The second largest chipmaker in Europe, Infineon, said in a report that its third quarter results will be down slightly compared to the previous three months and fourth quarter will see a 10 percent low sales compared to ongoing term.

The announcement affected Texas Instruments badly, who was down 2 percent in the stock market on Wednesday after falling three percent the day before. The chipmaker received a  negative rating from FBR Capital Markets analyst Craig Berger, who cut his estimate on share price to $25.50 from $28.70. He also pointed to the statement made by Infineon.

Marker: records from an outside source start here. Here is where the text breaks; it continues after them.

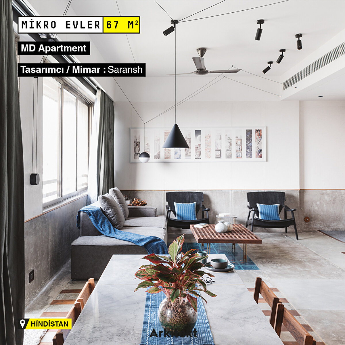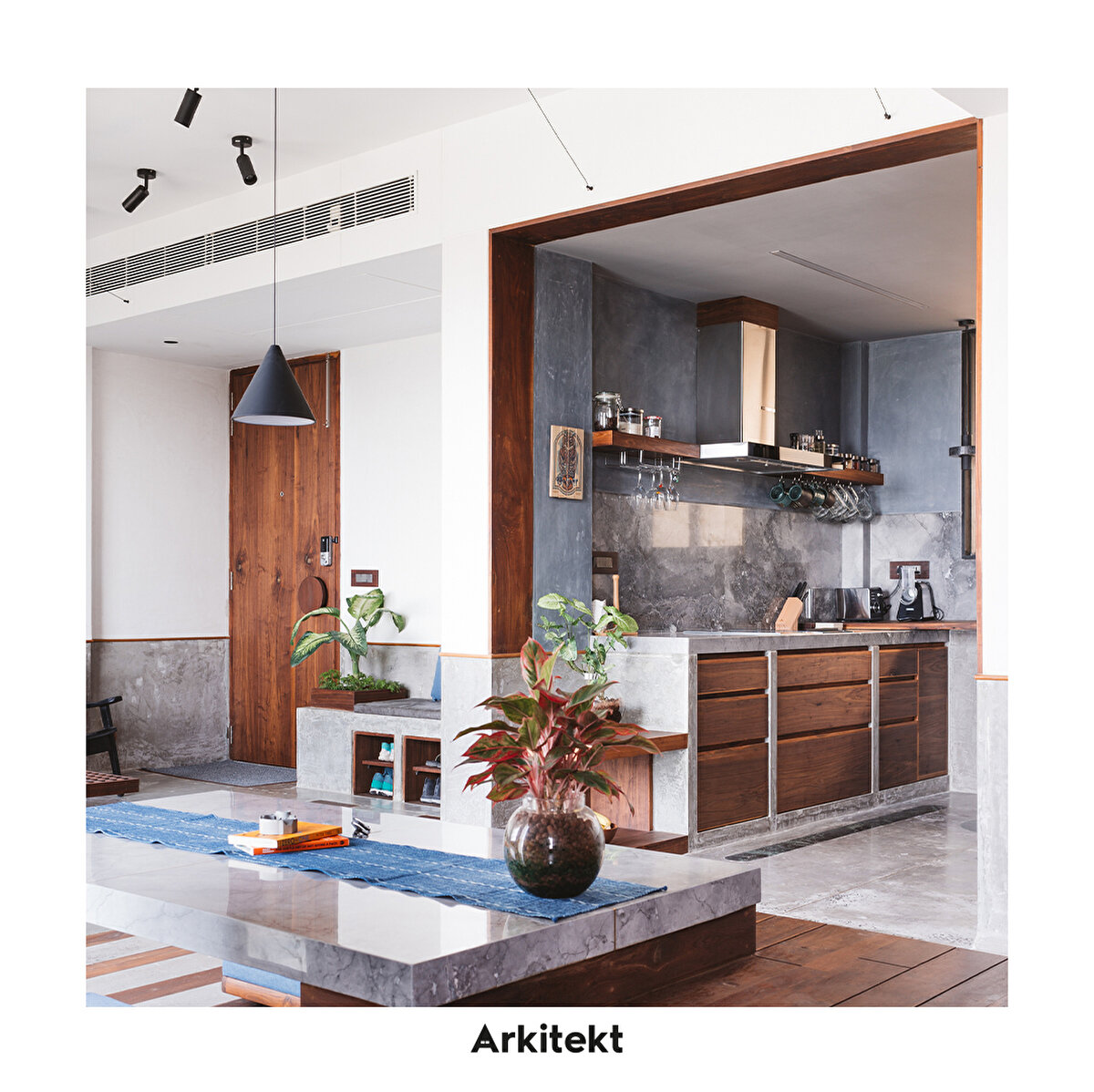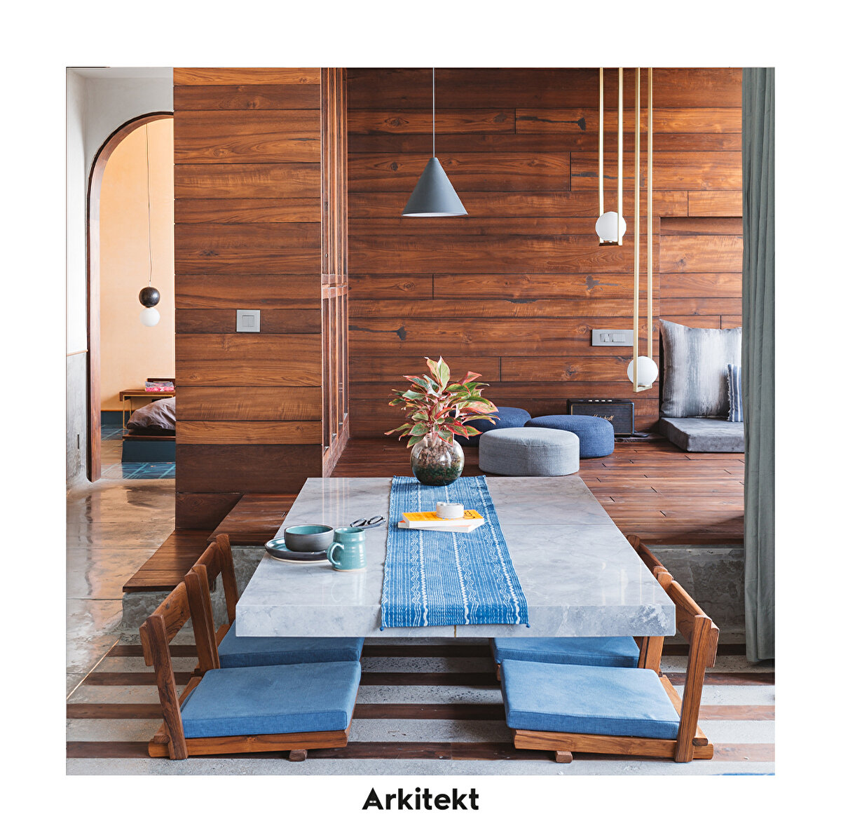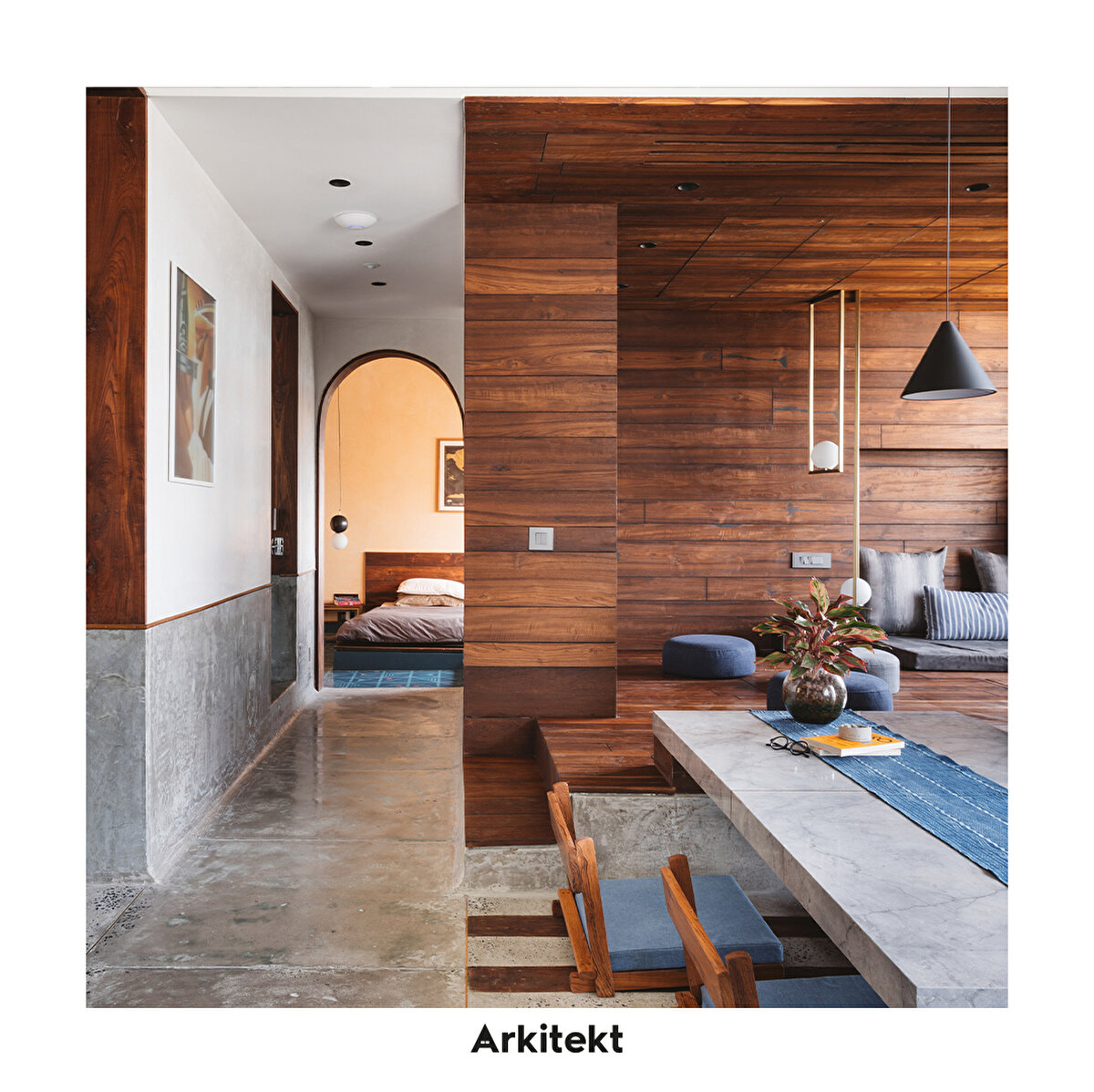 @studio_saransh, iç mekandaki malzeme kullanımlarıyla ön plana çıkan bir konut tasarladı.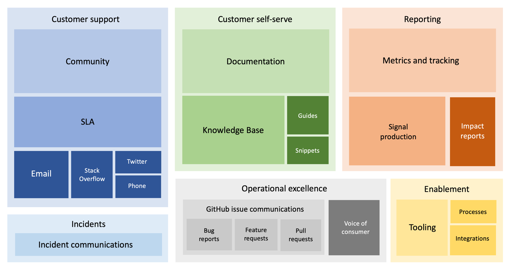 Sanity’s support organization covers six areas of responsibility, as shown below.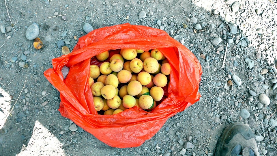 Well, let me help. I found a plastic bag from my pack, and handed to her. She thought about it and gave me lots of prunes.

“We view this as another data point that broad-based macro and demand trends remain weak, and that broad-based chip firms will see revenue pressures in Q412 as weak demand pull drives customers to reduce year-end inventory levels,” Berger wrote.

Everybody concerned with chip-making industry has his eyes glued to Philadelphia semiconductor index. It was down 1.6% in early trading Wednesday, after falling 2.5% on Tuesday.  It has been on downslide since March.

Berger said the only profitable sector in the chip industry is the smartphone business. The likes of iOS- and Android-based devices are making hefty profits and the demand is high.

“We do advise focusing on high quality chip stocks at present like iPhone 5 suppliers, data center plays, or other quality/defensive stocks,” Berger wrote.

Linear Technology and Fairchild Semiconductor were also down on Tuesday and Wednesday. Both fell respectively 2.5 and 2.3 percent on Tuesday and 1 percent and 2.3 percent on the following day.